I have to say, it depends on the piece. Go to Ikea and wobble it with your hands and really see if it's sturdy. We have a kitchen table we love from there, but have bought & returned dressers that we put together and realized that they were just not sturdy.

it's great to declutter but having dinky/wobbly furniture takes away from the satisfaction! So plan a trip to Ikea and really test all the sofas you like. (go with a couple adults so you can concentrate on deciding on the best one without your kids scrambling around and distracting you!)


----------



## lisalulu

We had an IKEA sofa for a long time and the only complaint I have is the fabric. We got one with kind of a twill-ish fabric that could be machine washed and we got it in black. So when we washed it, it faded really bad. More recently we have bought an ottoman from them with a washable removable cover in a red-orange color and I've washed it several times and no fading??
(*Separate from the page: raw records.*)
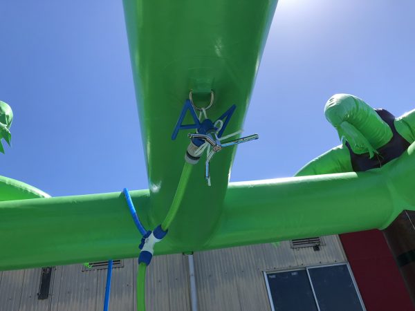 ③全て広げきったら、ハンドブロワーを遊具につなげていきます。電源は1口必要です。
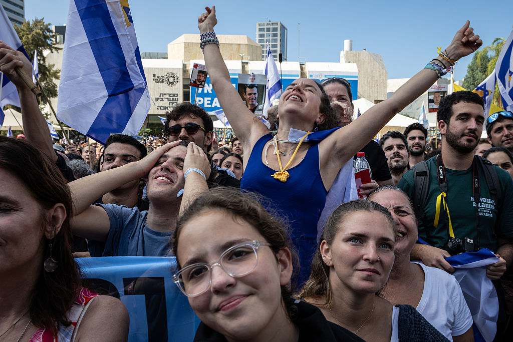 People celebrate in Tel Aviv’s Hostages Square on Monday morning as they watch a livestream of the release.
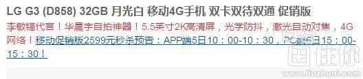 LG G3 (D858) 32GB 移动4G手机 (2K屏、激光对焦) 2599元包邮
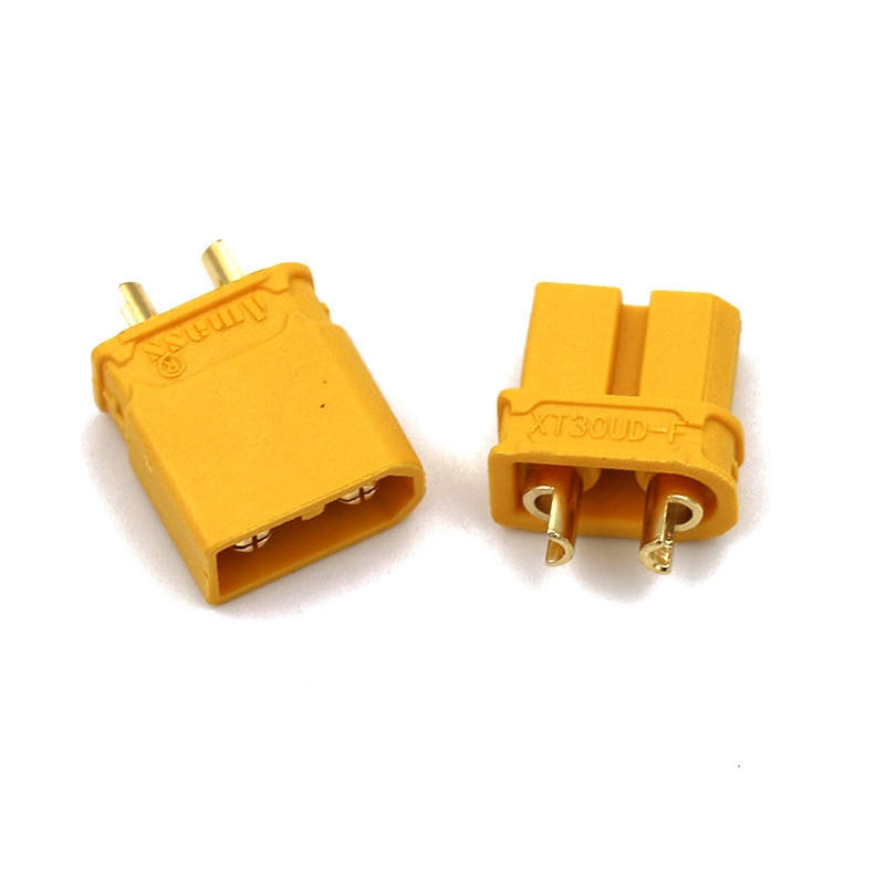 XT30U male bullet connectors with the tiny Measurement takes a small area and could place anywhere. This Connector is Made from high-temp Nylon and gold-plated bullet connectors, both included in the injection mold at the time when forming the connector. Product coating is 24K real gold, a thickness of 0.05um, plugged thousands of times, the coating will not fall off, prevent oxidation, and good electrical conductivity.
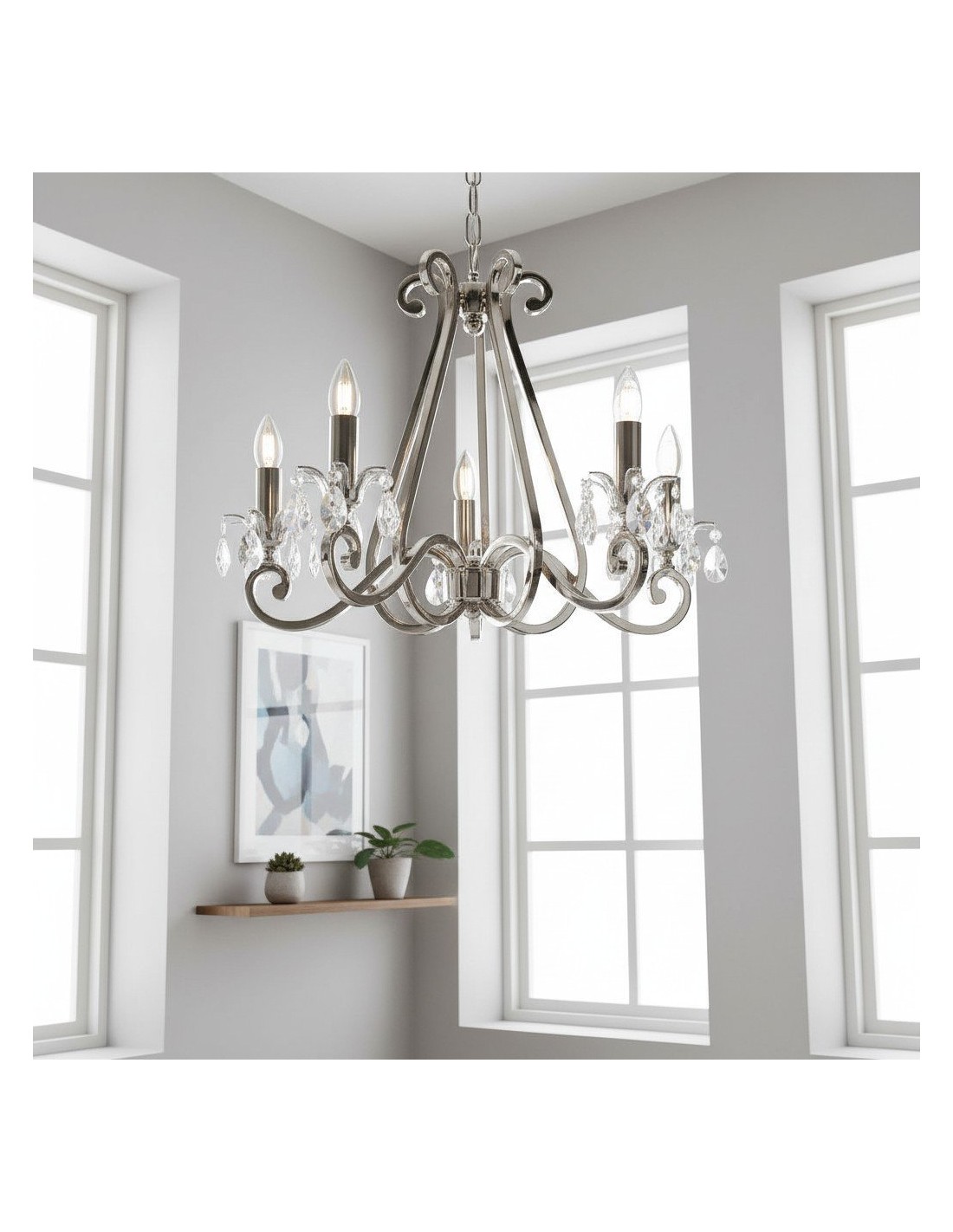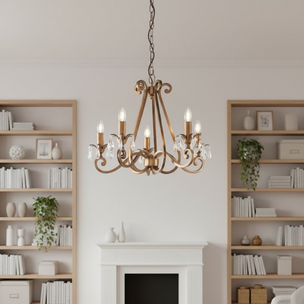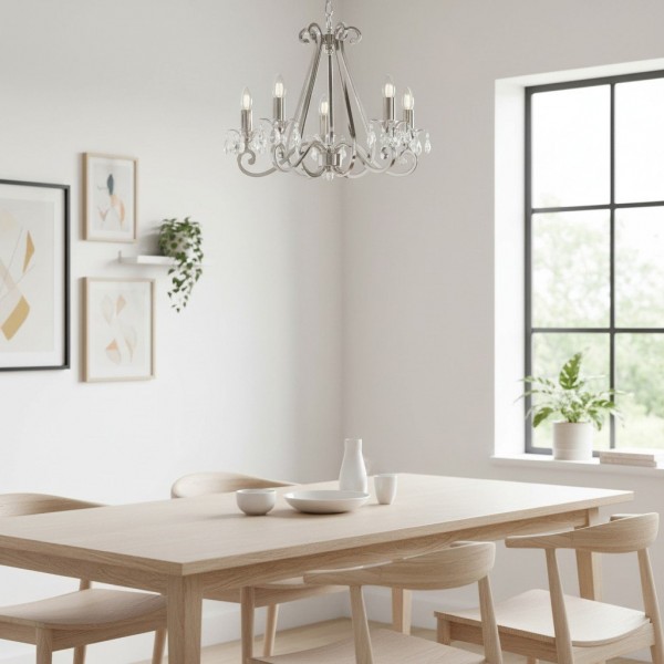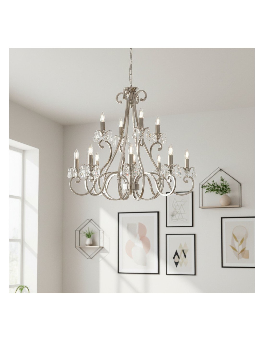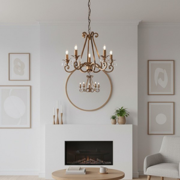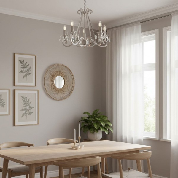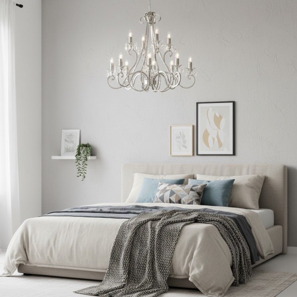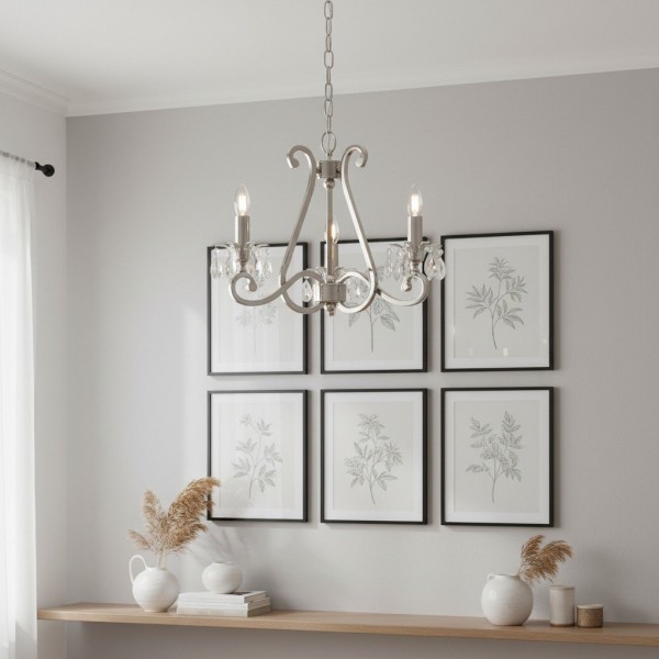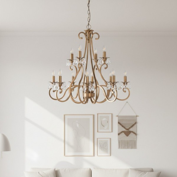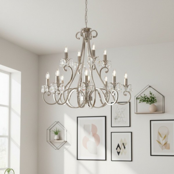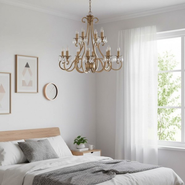Deze prachtige lamp heeft sierlijk gebogen armen, versierd met delicate kristallen druppels en kappen die bij elke reflectie fonkelen. De verstelbare ketting maakt veelzijdige installatie mogelijk in woonkamers, eetkamers of hoge hallen, en verspreidt een warme en uitnodigende gloed.
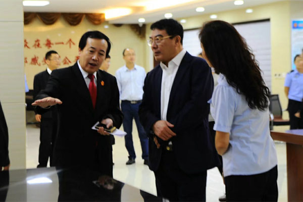 9月26日,阜新市委常委、政法委書記付志宏(中)在阜新市中級人民法院調(diào)研
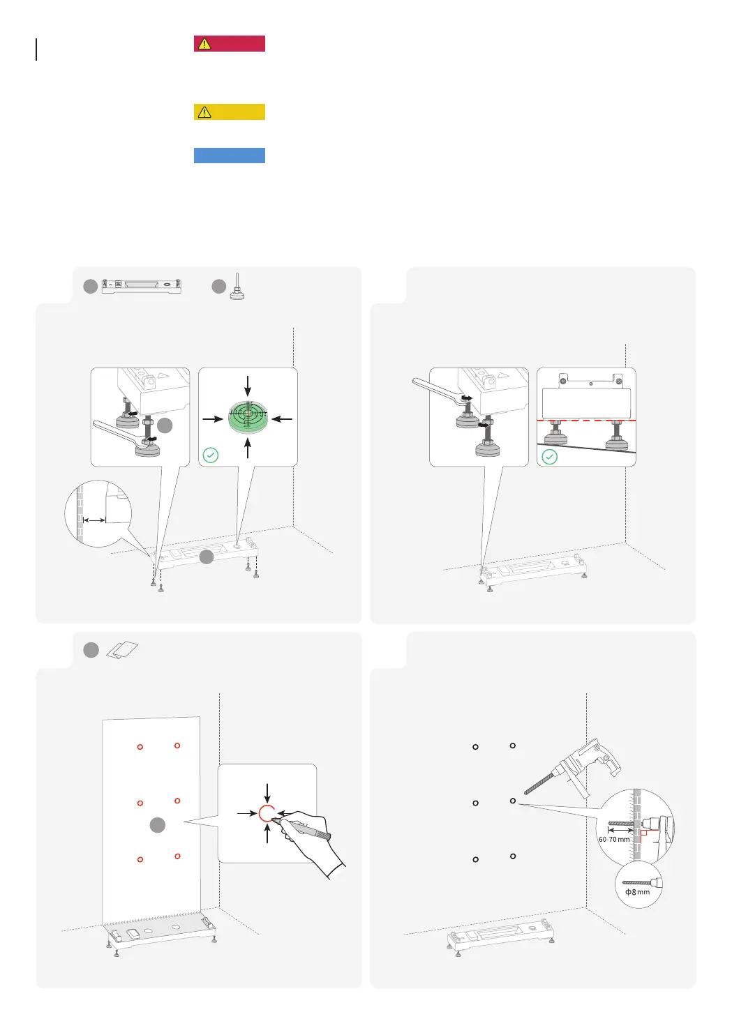 • When drilling holes, avoid the water pipes and power cables buried in the wall and
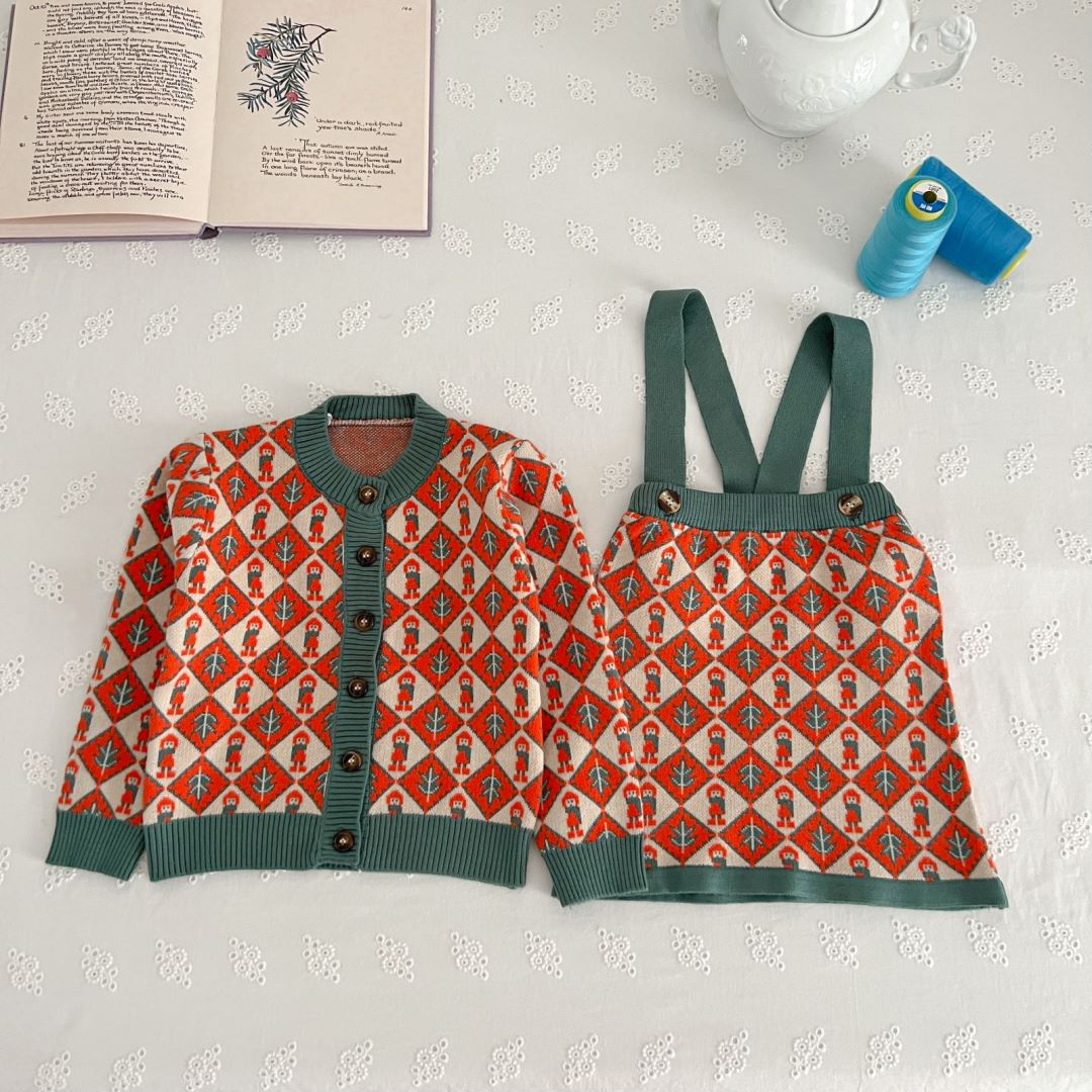 여아 2023 가을과 겨울 새로운 웨스턴 스타일 트렌디 아기의 니트 가디건 탑 스웨터 스트랩 스커트 소녀를위한 투피스 세트스토어 가기
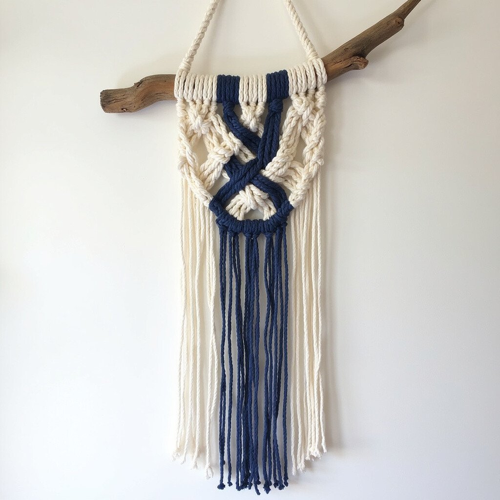 Sail away with the Nautical Knots macrame. Using navy and white cords, this piece brings a maritime feel to your decor. The driftwood enhances the sea-inspired theme.
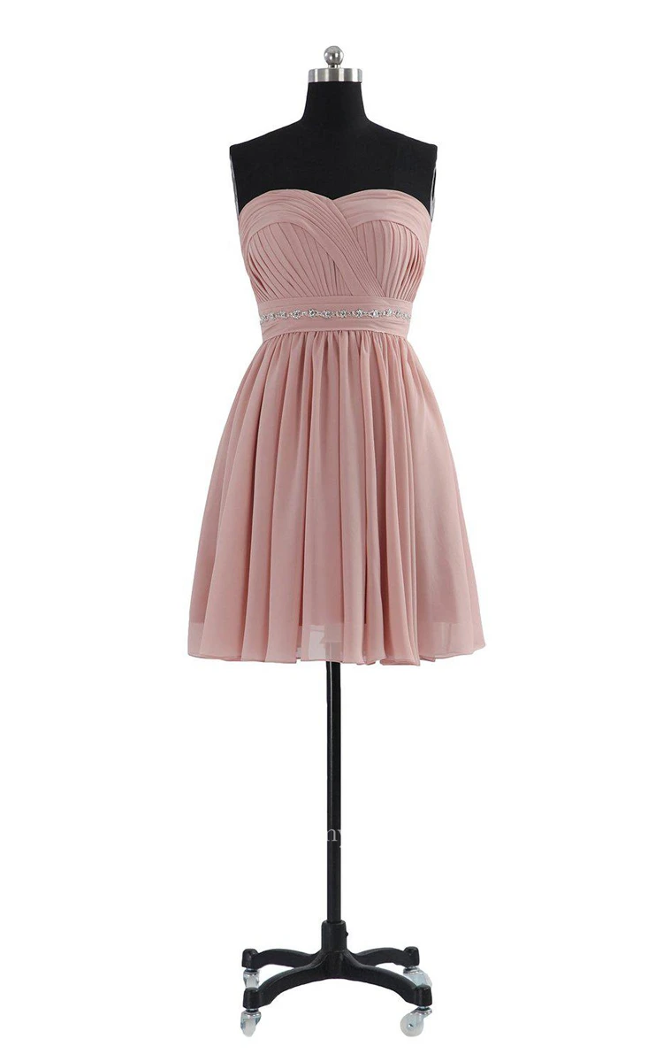 Sweetheart A-line Short Dress With Beaded Waistline
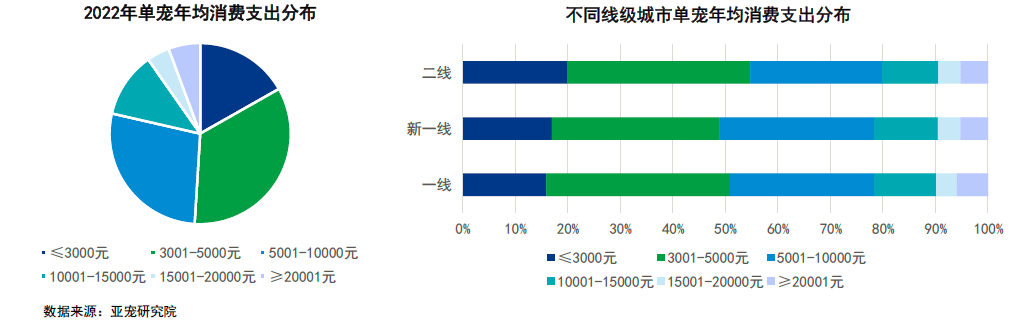单宠年均消费支出集中在3001-10000元,二线普遍在5000元及以下

Other than the fabric, it was a great couch that we had for several years- we only got rid of it because we had to downsize to a loveseat when we moved. Otherwise I may have tried to dye the fabric to a true black again.
Lisa


----------



## celestialdreamer

We have an IKEA Ektorp corner sofa. I really do like it for the $ but we've had 2 problems. First problem was that the back piece of wood frame broke after we'd only had it a month, but you couldn't really tell. Dh was able to fix it in about an hour but he's also Mr. Fixit. It had broken right at a knot in the wood, so it probably is not a common flaw, and just was a fluke because of that piece of wood. The first slipcover/cushion covers we had were machine washable beige twill, but the backsides to all the cushion covers were this tissue paper like material instead of the twill so after being washed 7-8 times over the course of 2 years, they started ripping so I couldn't wash them again. That said, instead of buying a new sofa recently, we just replaced the slipcover because we *do* really like it. Luckily it seems they have changed their cushion cover materials to be the same on both side like a normal sofa, so we won't have the same problem again. I think that our issues with the sofa were specifically issues that only we have had, and if I had it to do over again, I'd still buy it.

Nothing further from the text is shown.